I'm thinking I am going to try and participate myself in one this year if I can make it. Dont imagine I'll pass anything...but the learning's what's important! :-D

~Cate


----------



## Harry Keely (Aug 26, 2009)

Cate Helfgott said:


> Actually -- this is kind of a neat point...but PSA just added a sleeve division and I believe that they are going to start going over sleeve mechanics in their decoy camps.
> 
> I'm thinking I am going to try and participate myself in one this year if I can make it. Dont imagine I'll pass anything...but the learning's what's important! :-D
> 
> ~Cate


Cate,
Good for you more people need a open mind of learning. You are never to old to learn something new. Theres alot of people out there that think they know it all and have a answer for everything those are the ones to stay away from. I like your honesty and its okay to just say you dont know if you dont. Anyways thought I would say I appreciate your openness and honesty. We all need to follow in your steps.=D>


----------



## Toran Scott (Mar 27, 2009)

I like you Harry...


----------



## Kevin Barrett (Dec 16, 2009)

Do you have to be in a PSA club to get the training


----------



## Chris Michalek (Feb 13, 2008)

Kevin Barrett said:


> Do you have to be in a PSA club to get the training



Its always easiest to join a club and get people to teach you.

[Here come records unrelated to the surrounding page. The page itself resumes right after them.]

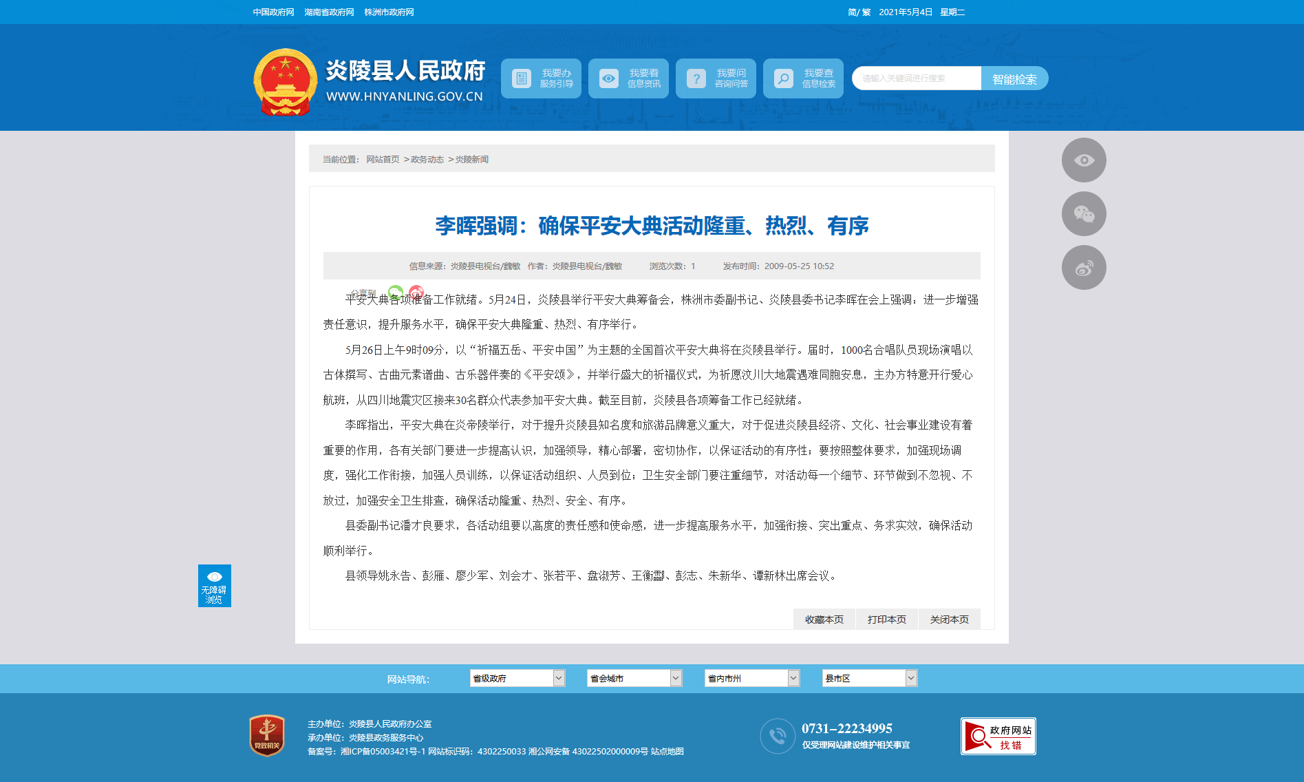 平安大典各项准备工作就绪。5月24日,炎陵县举行平安大典筹备会,株洲市委副书记、炎陵县委书记李晖在会上强调:进一步增强责任意识,提升服务水平,确保平安大典隆重、热烈、有序举行。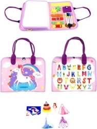 Sensoryczna busy książka jednorożec od 2Kids Toys oferuje dzieciom od 3 lat szeroką gamę aktywności, które rozwijają koordynację ręka–oko oraz wspierają cierpliwość i wyobraźnię. Każda strona kryje inne zadanie, które bawi i jednocześnie uczy – od zapinania klamer i zamków po wiązanie sznurówek.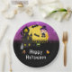 Dieser lustige und spukhafte Teller besticht durch eine niedliche Hexe neben einem gekräuselten Spuk Haus. Im Hintergrund ist ein Vollmond mit Fledermäusen und ein lila Nachthimmel mit Sternen. Das ist perfekt für ein Halloween-Party.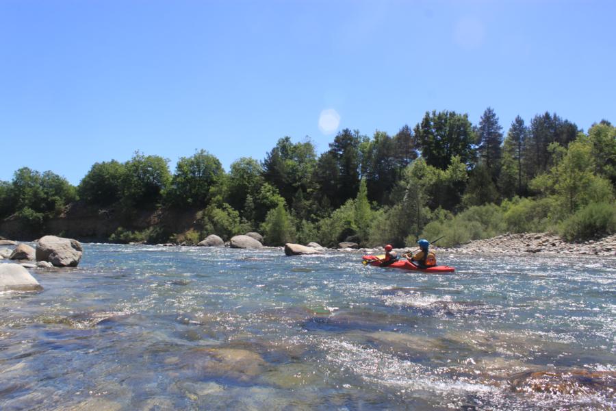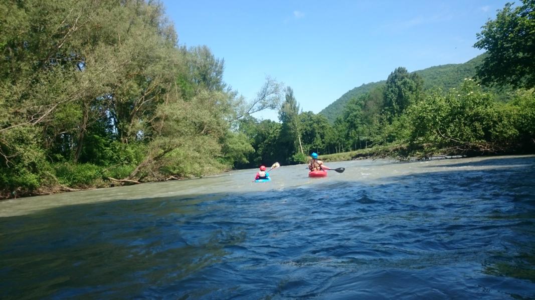 Auf dem Abschnitt, auf dem wir gefahren sind, sind kaum wildwassertechnische Schwierigkeiten vorhanden, dafür war die Strömung ordentlich. Kurz gesagt, eher ein Wanderfluss. Eigentlich wäre es ein idealer Fluss für Sammy im Einer gewesen, aber hinterher ist man immer schlauer.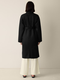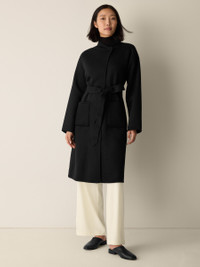 Easy elegance. A high collar coat you can wear open or belted, in a lustrous wool weave with a touch of texture. Style No. F5GEZ-C2164 DESIGN - A generous, boxy fit that drapes away from the body to create movement. - Only available at select EILEEN FISHER stores. - Kalyane is 5'10" and wears a size S, which measures 43 inches on the body. Size 1X measures 44 1/2 inches on the body. - High collar, drop shoulder, snap button front. - Belt with belt loops, front patch pockets. - Center back seam with vent. - Style No. F5GEZ-C2164 FABRIC - A fluid wool weave with subtle sheen, and a hint of rippled texture. - Dry clean only. - Made in Indonesia. 100% Wool. SUSTAINABILITY - Our wool supports ranchers who use better practices for animal welfare and land management.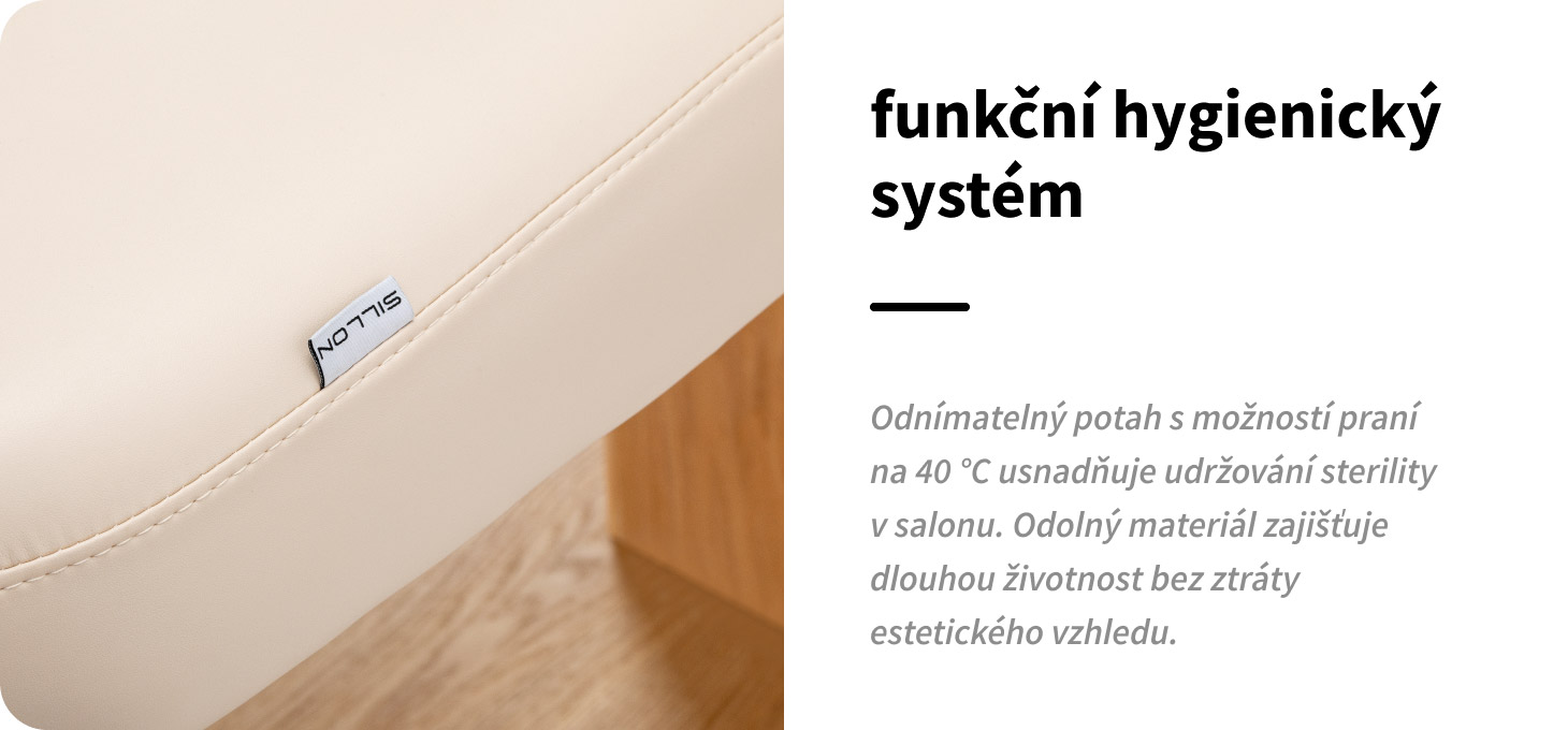 Snímatelný potah matrace je skutečným usnadněním každodenní práce. Možnost rychlého sejmutí a vyprání (ručně nebo v pračce do 40 °C) umožňuje snadno udržovat vysoký standard hygieny v salonu. Krátké sušení při nízké teplotě urychluje opětovnou přípravu pracoviště k práci. Správná péče bez použití alkoholu a silných čisticích prostředků pomáhá zachovat estetický vzhled a trvanlivost materiálu po delší dobu.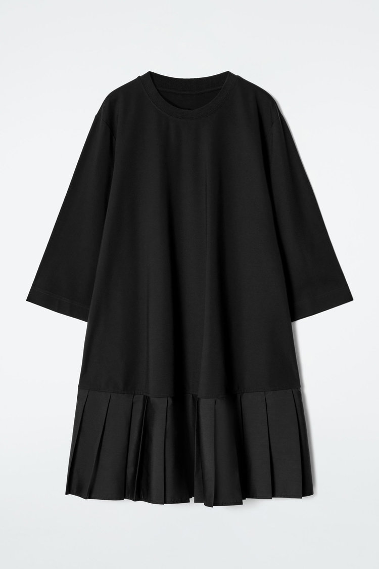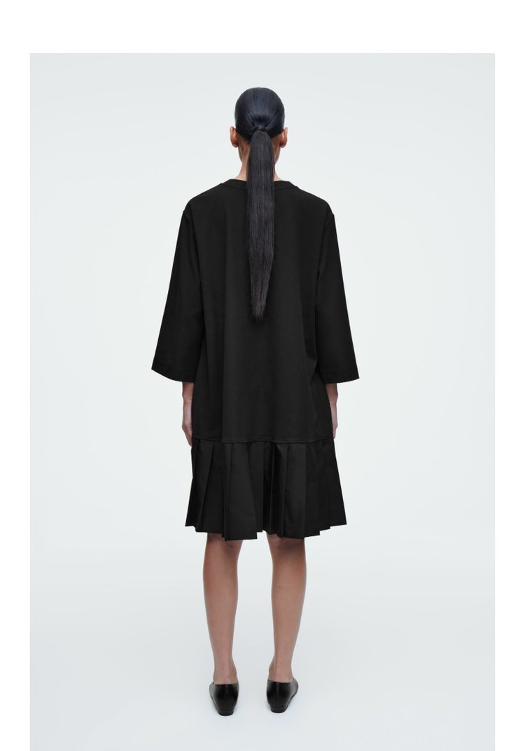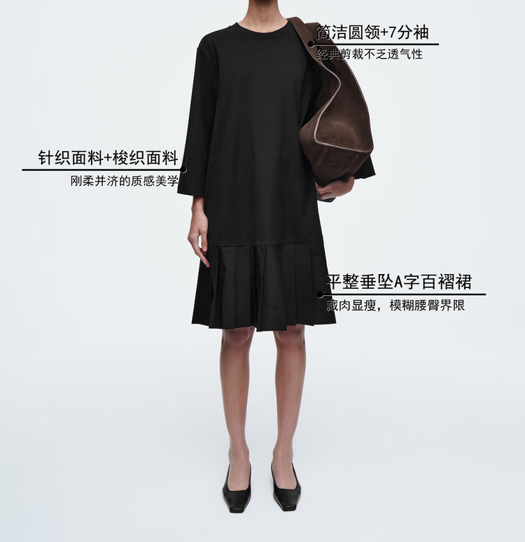 休闲版型拼接百褶针织T恤连衣裙

First, do you know how to train a dog? And do you understand marker training?


----------



## Kevin Barrett (Dec 16, 2009)

I have some decoy experience and marker training not much on decoy. There is no PSA club in Indianapolis. Not many places to learn here. I am wanting to do something in PSA.


----------



## Chris Michalek (Feb 13, 2008)

Kevin Barrett said:


> I have some decoy experience and marker training not much on decoy. There is no PSA club in Indianapolis. Not many places to learn here. I am wanting to do something in PSA.



you didn't answer the question.


----------



## Kevin Barrett (Dec 16, 2009)

Im not a master trainer but I have been doing it for a year or so now. I understand the drives and when to marker and getting the dog to target and bite sleeves, I have taken a few bites off dogs that were already trained very well. But I need to find out more about the decoy side then I know, like how to read the dog better, to know when and how to change and put dogs into different drives and get feed back to know whats right and wrong.


----------



## Chad Byerly (Jun 24, 2008)

Kevin Barrett said:


> Do you have to be in a PSA club to get the training


At a PSA Decoy Camp? No

I recommend attending. 
The cost of the event includes your membership for a year...

And there was just a thread recently about folks in Indy starting to train for PSA, I think. 
Maybe hook up with them.

If you can learn from ScH helpers, do. 
It'll help you for catching and driving PSA dogs in a suit.


----------



## James Downey (Oct 27, 2008)

Chad, When are we going to get together? I really wanna come see Cynic. Danny was telling me that Little Cricket is frigging Gem. That litter sure has the promise. ...Cannot wait to see them dogs start competeing. 

I wish John would have let me know, he was just in Cinncinati, I would have tried to make plans for us all to train.


----------



## Chad Byerly (Jun 24, 2008)

Hey Jim, give me a call or PM me or FB or whatever... 

Just let us know when's good for you and Addie.


----------



## Howard Gaines III (Dec 26, 2007)

Try the DVG America website for clubs, events, and phun in your area.


----------